After months of facing backlash, and even advertently inciting it on several occasions, the Mouse House fired the actress behind Cara Dune from future seasons of Jon Favreau’s Star Wars show. The final nail in the coffin of Carano’s scandal came in form of a tweet that compared the current political climate to Nazi Germany, explaining how Republicans are akin to Jews in the Holocaust.

It goes without saying that a lot of people, who often tend to advocate for ‘cancel culture,’ got what they wished for from the rather insensitive comment. Be that as it may, many fans are also expressing their rage over Lucasfilm’s decision to fire an actor due to their political activism. Regardless of where you stand, though, there’s no denying that Hollywood hasn’t yet given up the practice of blacklisting individuals who undermine liberal values. At least, that’s according to what the aforementioned Chait said in an essay on Friday, noting the similarity between Carano’s case and the industry’s infamous blacklisting of communists in the 1950s.

“A fairer and more liberal society is able to create some space between an individual’s political views and the position of their employer,” Chait wrote. “A Dalton Trumbo ought to have been able to hold onto his screenwriting job even though he supported a murderous dictator like Stalin. And actors ought to be able to work even if they support an authoritarian bigot like Donald Trump.”

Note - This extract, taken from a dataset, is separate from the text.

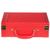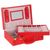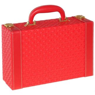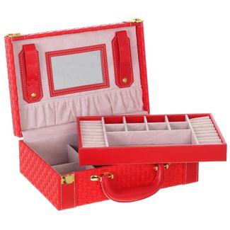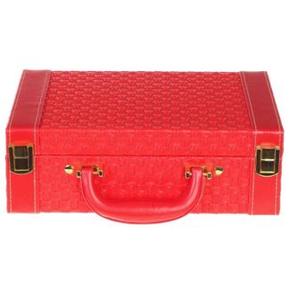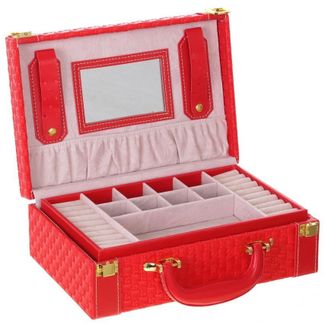 Шкатулка для украшений выполнена в виде двухъярусного чемоданчика 27*19*9 см красного цвета из лаковой искусственной кожи с текстурным декоративным плетением. Съёмное отделение содержит два боковых отсека с валиками для колец, а также одно большое отделение для бижутерии и восемь небольших одинаковых отсеков для ювелирных украшений. Внутреннее отделение разделено на шесть равных отсеков. Внутренняя сторона крышки оборудована зеркальцем 11*7 см, кармашком по всей ширине шкатулки и двумя хлястиками с отверстиями для серёжек. Чемоданчик закрывается с помощью двух металлических замков и имеет удобную ручку-переноску. Внутренняя поверхность шкатулки оформлена искусственной светлой замшей, что придаёт ей шарм и изысканность.
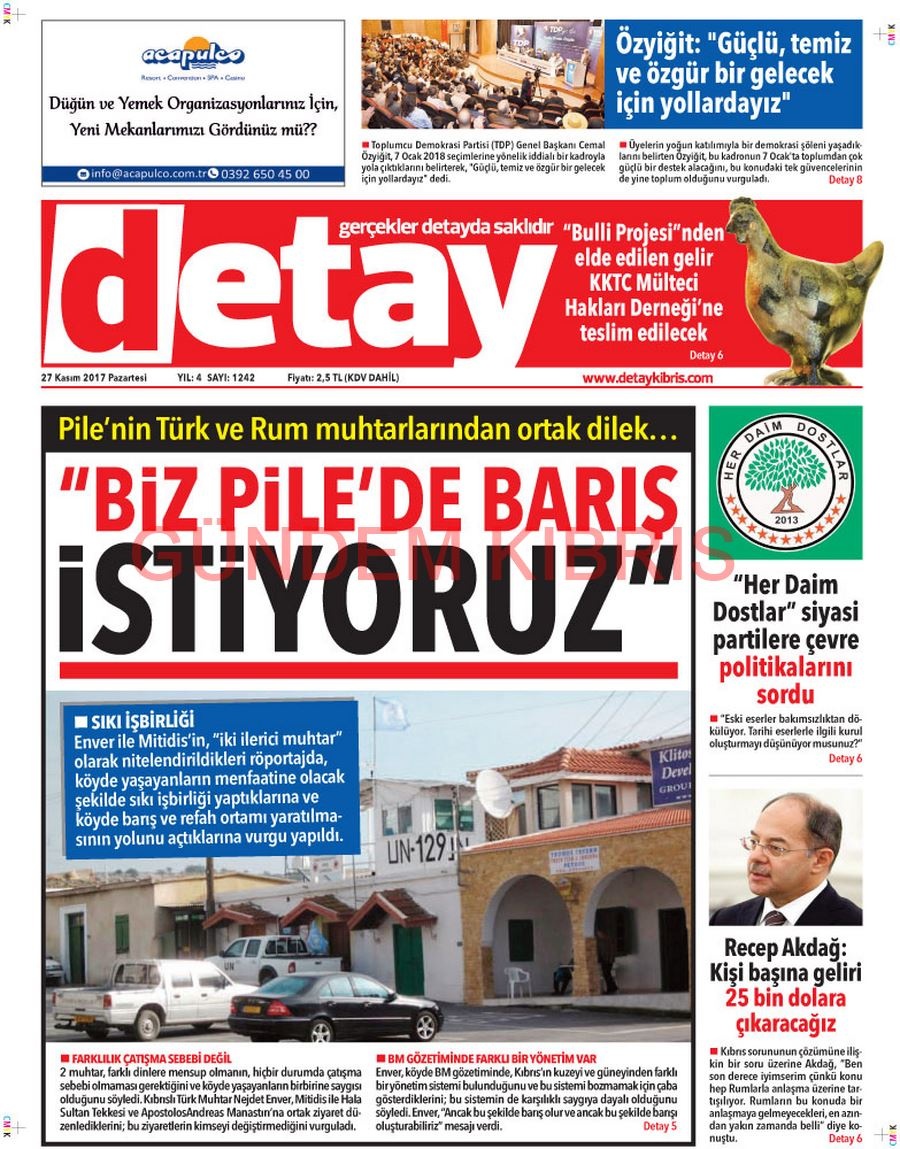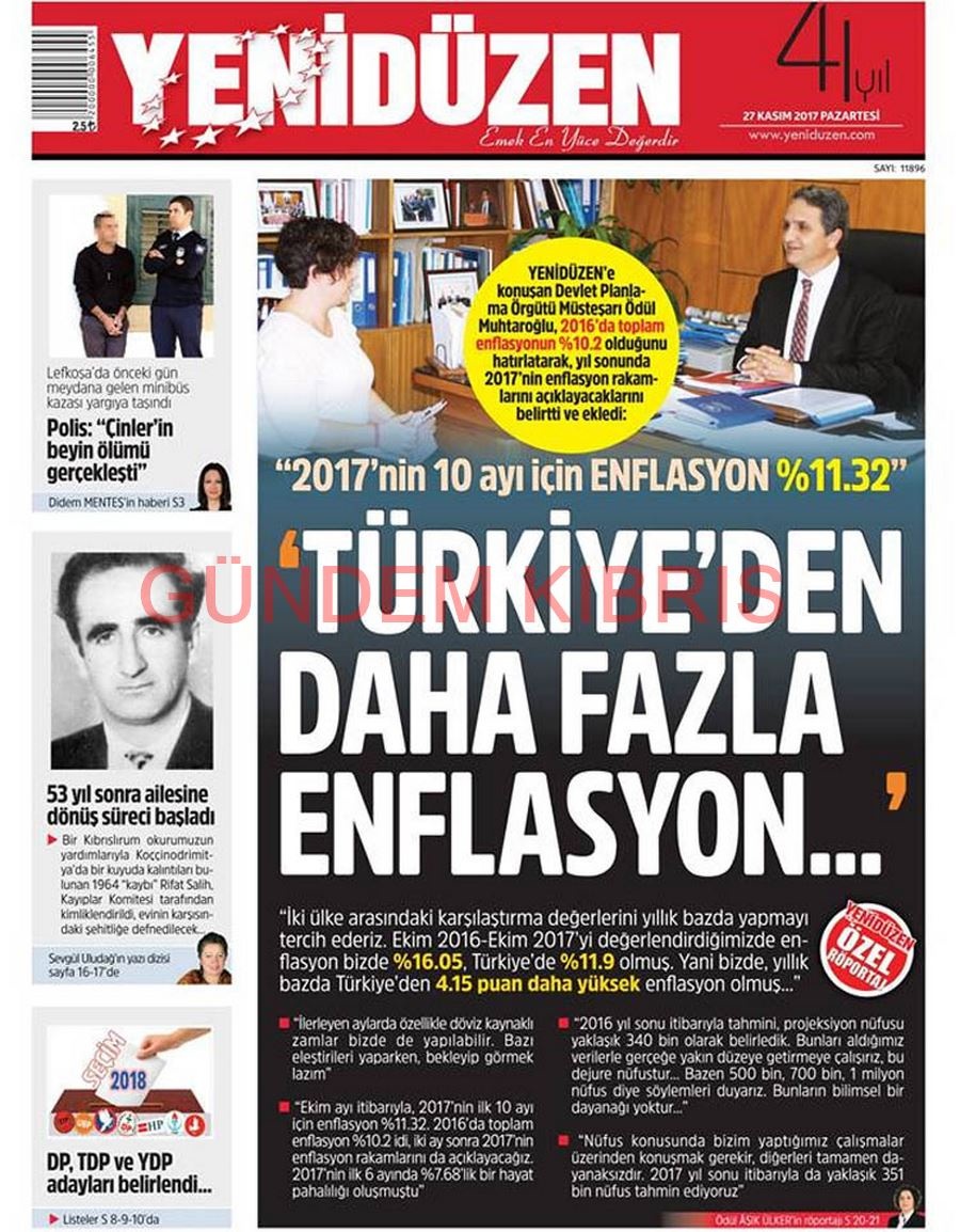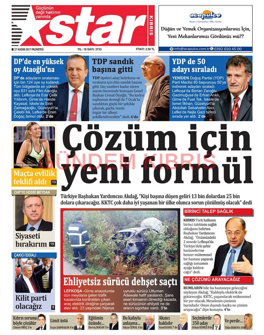 KKTC Gazete Manşetleri 27 Kasım 2017

The writer also explained why the actress’ statements weren’t anti-Semitic “by any reasonable definition,” saying:

“The post simply argued (uncontroversially) that the Holocaust grew out of a hate campaign against Jews, which it then likened (controversially) to hatred of fellow Americans for their political views. I don’t find this post especially insightful. But overheated comparisons to Nazi Germany are quite common, and, more to the point, not anti-Semitic. There is no hint anywhere in this post of sympathy for Nazis or blame for their victims.”

As reasonable as this argument may sound, I highly doubt that it’ll do Gina Carano any good, especially now that even her agency has cut all ties with her. And besides, the latest reports seem to suggest that Lucasfilm was basically looking for an excuse to give her the boot, so any hope of reinstatement is far-fetched at this point, to say the least.